The assault comes amid a series of peace talks between Washington and the Taliban that both sides say are making progress, but which so far have yielded no reduction in violence in the gruelling Afghan conflict.
Taliban spokesman Qari Yousuf Ahmadi said the afternoon attack in Afghanistan´s second-largest city started with a car bomb, then saw gunmen storm the police compound. "A number of Mujahideen equipped with heavy and small arms breached the headquarters and launched their operations inside," he said.
Baheer Ahmadi, the Kandahar governor´s spokesman, said that 12 people had been killed, including nine civilians and three police officers. Another 89 were wounded, he added.
Police chief Tadin Khan said the car bomb was followed by two other explosions. "The fighting is over now. Some vehicles were burnt. Now the Afghan army and US helicopters are hovering in the area," he said.

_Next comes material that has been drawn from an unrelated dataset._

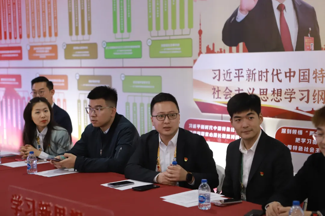 校党委办公室主任孙劼,党委学工部部长袁翔,临港产业园区工会副主席、临港集团团委副书记、临港集团进博会志愿者临时团支部书记郑晟骅,临港集团总部党委干事、进博会临时党支部书记吕东昇,上海自贸区联合发展有限公司、企业服务中心总监助理、团总支书记杨磊,我校团委副书记周雄才,专职团干部陈贝妮老师,临港集团、上海应用技术大学进博会志愿者临时党、团支部“小叶子”代表参加了联组学习。
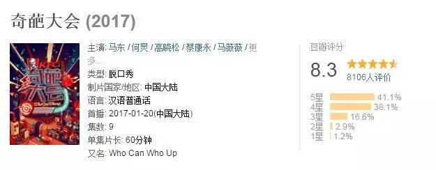 豆瓣得分8.3,知乎、微博引发强烈话题性讨论,口碑与点击量双丰收;IT大佬李开复、社会学家李银河、微博大V谷大白话……当这些看似毫不相关的人“汇聚一堂”;还有马东、高晓松、蔡康永与何炅四个很会说话的人坐在一排的时候,《奇葩大会》作为为《奇葩说》第四季选“奇葩”的先导节目,这次似乎有些不同了。

Hayatullah Hayat, the provincial governor for Kandahar, said Afghan security forces had launched a "clean-up operation" to see if any attackers were remaining. Pictures on social media showed a huge plume of smoke rising over Kandahar, and Hayat said about six trucks carrying commercial goods had burnt.
The assault comes just one day after two Afghan soldiers -- who were really Taliban operatives -- fatally shot an Afghan colonel in Ghazni province.